You really shouldn't be putting attestation validation logic in the kernel.
It was less putting validation logic in the kernel, and more hoping for a way to abstract some common parsing in advance of a true standard attestation format, but point taken.
I think we'll have hardware-provided blobs and host-provided cached collateral. The caching could be achieved with a hosted proxy server, but given SEV-SNP already has GET_EXT_GUEST_REQUEST to simplify delivery, I think it's fair to offer other technologies the chance at supporting a similar simple solution.
Everything else will have to come from the network or the workload itself.
It belongs outside of the VM entirely with the party that will only release access keys to the VM if it can prove it's running the software it claims, on the platform it claims. I think Windows puts a remote procedure call in their guest attestation driver to the Azure attestation service, and that is an anti-pattern in my mind.
I can not speak to the Windows implementation, but the Linux Keys subsystem is there to handle Key construction that may be requested by userspace or the kernel and may be serviced by built-in keys, device/platform instantiated keys, or keys retrieved via an upcall to userspace.
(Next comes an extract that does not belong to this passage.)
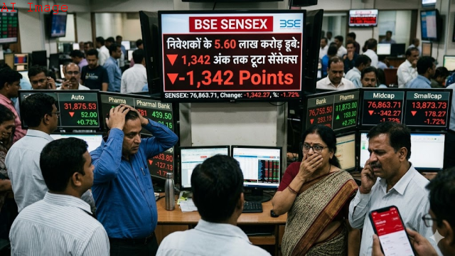 मंगलवार को जब रूस ने बयान दिया कि ‘खाड़ी युद्ध जल्द खत्म हो जाएगा’, उसके असर से शेयर बाजार में तेजी देखने को मिली थी। हालांकि, बुधवार को बाजार उस बढ़त को बरकरार नहीं रख सका। कारोबार के अंत में BSE सेंसेक्स 1.72 प्रतिशत या 1,342.27 अंक की गिरावट के साथ 76,863.71 पर बंद हुआ। वहीं NSE निफ्टी 50, 1.63 प्रतिशत या 394.75 अंक गिरकर 23,866.85 पर बंद हुआ। निफ्टी-50 करीब 11 महीने के निचले स्तर पर दिखाई दिया, जिसकी वजह से शेयर बाजार के निवेशकों के 5.60 लाख करोड़ रुपये डूब गए।

The observation is that existing calls to request_key() in the kernel likely have reason to be serviced by a confidential computing key server somewhere in the chain. So, might as well enlighten the Keys subsystem to retrieve this information and skip round trips to userspace run vendor specific ioctls. Make the kernel as self sufficient as possible, and make SEV, TDX, etc. developers talk more to each other about their needs.
That sounds reasonable. I think one wrinkle in the current design is that SGX and SEV-SNP provide derived keys as a thing separate from attestation but still based on firmware measurement, and TDX doesn't yet. It may in the future come with a TDX module update that gets derived keys through an SGX enclave–who knows. The MSG_KEY_REQ guest request for a SEV-SNP derived key has some bits and bobs to select different VM material to mix into the key derivation, so that would need to be in the API as well. It makes request_key a little weird to use for both. I don't even think there's a sufficient abstraction for the guest-attest device to provide, since there isn't a common REPORT_DATA + attestation level pair of inputs that drive it. If we're fine with a technology-tagged uninterpreted input blob for key derivation, and the device returns an error if the real hardware doesn't match the technology tag, then that could be an okay enough interface.
I could be convinced to leave MSG_KEY_REQ out of Linux entirely, but only for selfish reasons. The alternative is to set up a sealing key escrow service that releases sealing keys when a VM's attestation matches a pre-registered policy, which is extremely heavy-handed when you can enforce workload identity at VM launch time and have a safe derived key with this technology. I think there's a Decentriq blog post about setting that whole supply chain up ("swiss cheese to cheddar"), so they'd likely have some words about that.